§ **Problem**
Nothing beyond the line containing "Zum wiederholten Mal" is to be printed; print exactly each line from the start of the records below through that line, leaving out pictures.

§ **Records for the exercise**
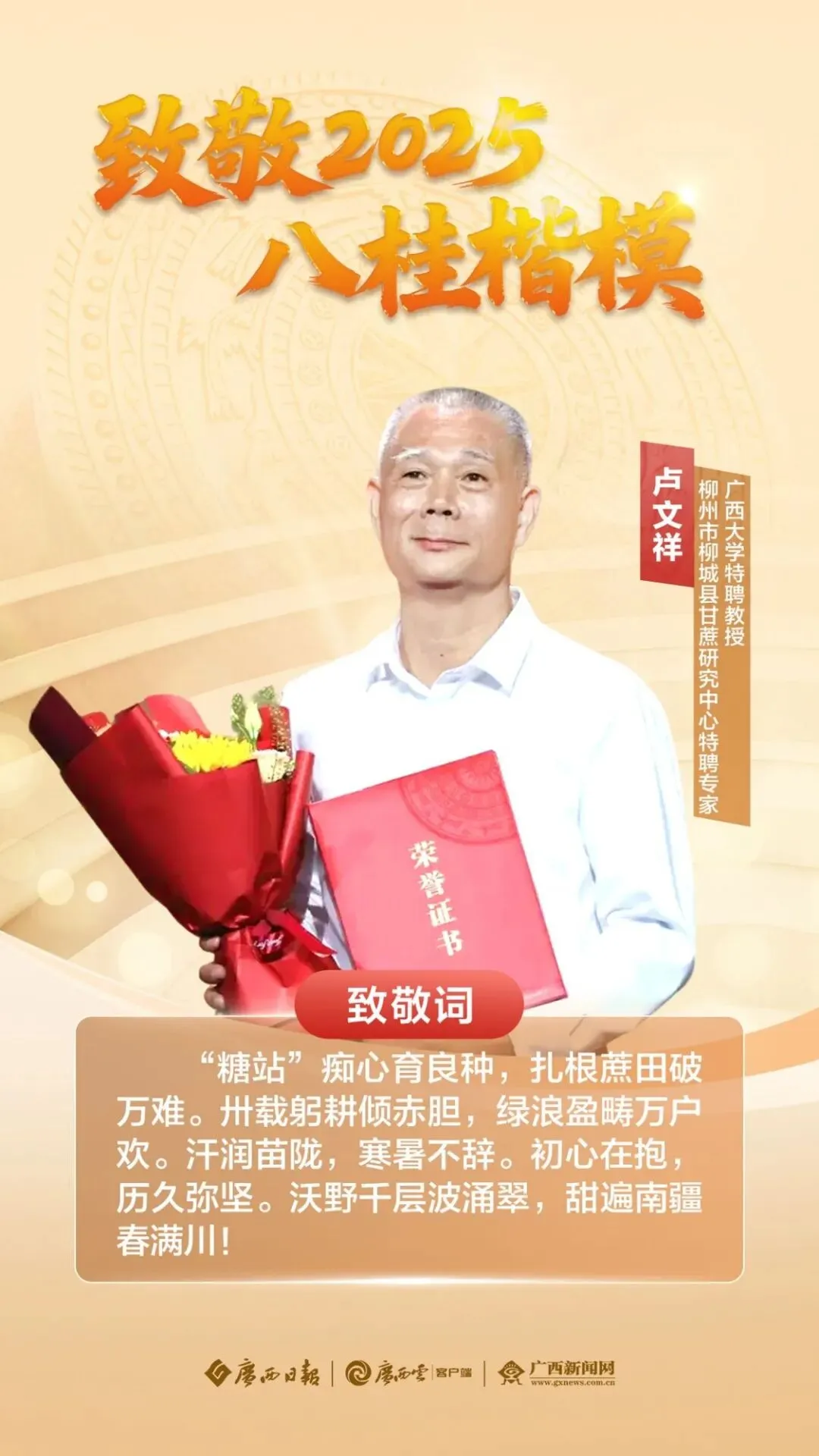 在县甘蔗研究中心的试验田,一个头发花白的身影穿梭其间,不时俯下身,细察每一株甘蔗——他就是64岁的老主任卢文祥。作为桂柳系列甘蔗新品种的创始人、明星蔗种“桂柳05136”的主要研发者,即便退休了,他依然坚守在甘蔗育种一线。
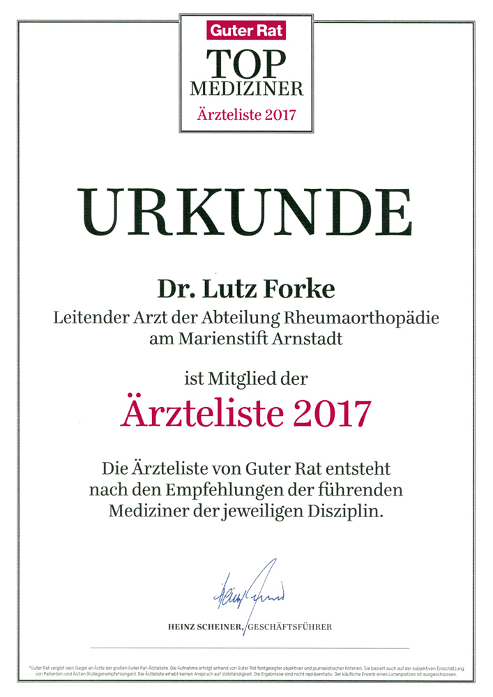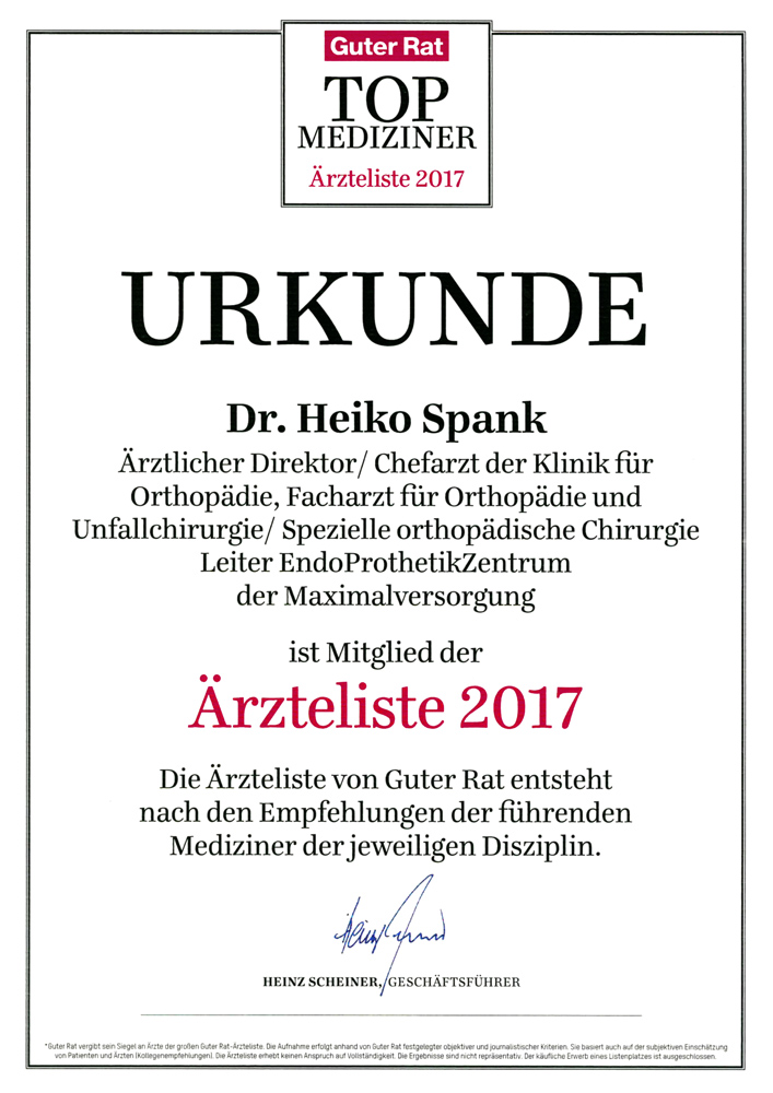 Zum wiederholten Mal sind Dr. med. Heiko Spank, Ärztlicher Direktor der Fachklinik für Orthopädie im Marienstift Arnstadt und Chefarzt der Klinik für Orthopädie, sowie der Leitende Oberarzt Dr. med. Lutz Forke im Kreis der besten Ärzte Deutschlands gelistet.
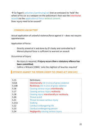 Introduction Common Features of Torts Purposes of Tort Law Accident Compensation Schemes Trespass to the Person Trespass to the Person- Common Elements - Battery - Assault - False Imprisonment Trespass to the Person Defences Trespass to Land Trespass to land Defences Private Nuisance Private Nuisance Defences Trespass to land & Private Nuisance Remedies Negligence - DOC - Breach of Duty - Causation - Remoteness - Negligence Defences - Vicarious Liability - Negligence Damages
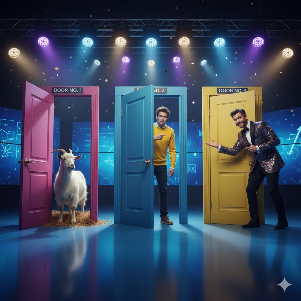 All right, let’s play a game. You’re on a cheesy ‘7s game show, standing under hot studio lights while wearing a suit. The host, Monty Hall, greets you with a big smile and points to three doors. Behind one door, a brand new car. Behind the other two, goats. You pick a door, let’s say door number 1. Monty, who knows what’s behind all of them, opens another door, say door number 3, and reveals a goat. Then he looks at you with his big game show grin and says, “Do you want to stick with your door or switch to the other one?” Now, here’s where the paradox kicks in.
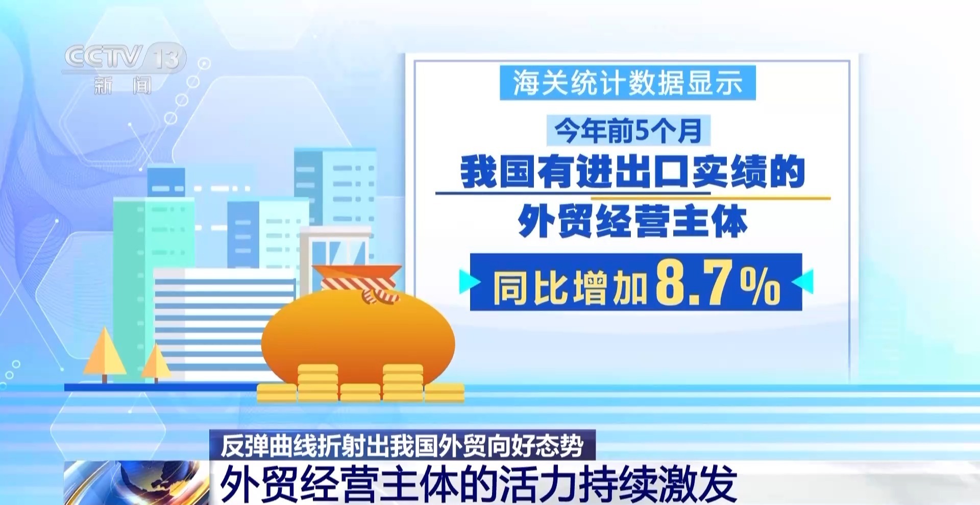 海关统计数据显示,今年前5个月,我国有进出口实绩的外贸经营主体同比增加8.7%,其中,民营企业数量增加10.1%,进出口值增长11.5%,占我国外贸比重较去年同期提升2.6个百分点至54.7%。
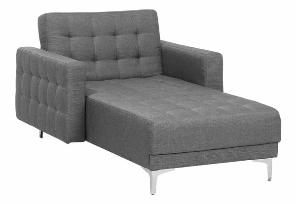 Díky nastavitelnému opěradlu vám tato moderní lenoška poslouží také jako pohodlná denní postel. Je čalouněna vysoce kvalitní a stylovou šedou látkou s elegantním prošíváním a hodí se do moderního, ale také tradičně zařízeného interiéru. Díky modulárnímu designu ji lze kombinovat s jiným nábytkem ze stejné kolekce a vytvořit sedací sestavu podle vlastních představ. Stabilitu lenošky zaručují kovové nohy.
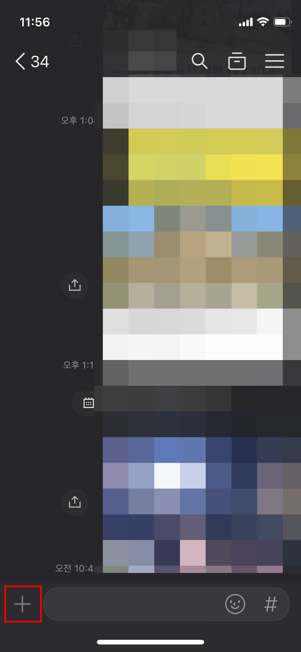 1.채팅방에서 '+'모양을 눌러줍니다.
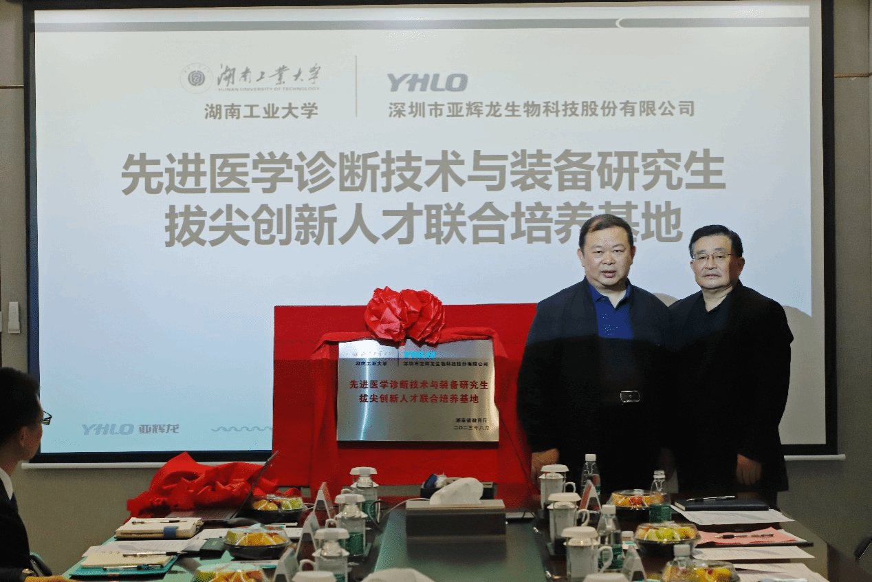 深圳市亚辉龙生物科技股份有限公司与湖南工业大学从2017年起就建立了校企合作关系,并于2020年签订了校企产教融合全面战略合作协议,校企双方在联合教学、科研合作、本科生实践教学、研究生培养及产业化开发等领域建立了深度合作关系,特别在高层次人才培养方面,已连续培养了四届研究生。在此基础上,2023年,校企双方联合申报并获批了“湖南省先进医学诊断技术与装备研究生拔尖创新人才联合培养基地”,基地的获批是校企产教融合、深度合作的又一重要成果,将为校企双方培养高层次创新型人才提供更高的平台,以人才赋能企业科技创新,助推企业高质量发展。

§ **Result of this exercise**
 在县甘蔗研究中心的试验田,一个头发花白的身影穿梭其间,不时俯下身,细察每一株甘蔗——他就是64岁的老主任卢文祥。作为桂柳系列甘蔗新品种的创始人、明星蔗种“桂柳05136”的主要研发者,即便退休了,他依然坚守在甘蔗育种一线。
 Zum wiederholten Mal sind Dr. med. Heiko Spank, Ärztlicher Direktor der Fachklinik für Orthopädie im Marienstift Arnstadt und Chefarzt der Klinik für Orthopädie, sowie der Leitende Oberarzt Dr. med. Lutz Forke im Kreis der besten Ärzte Deutschlands gelistet.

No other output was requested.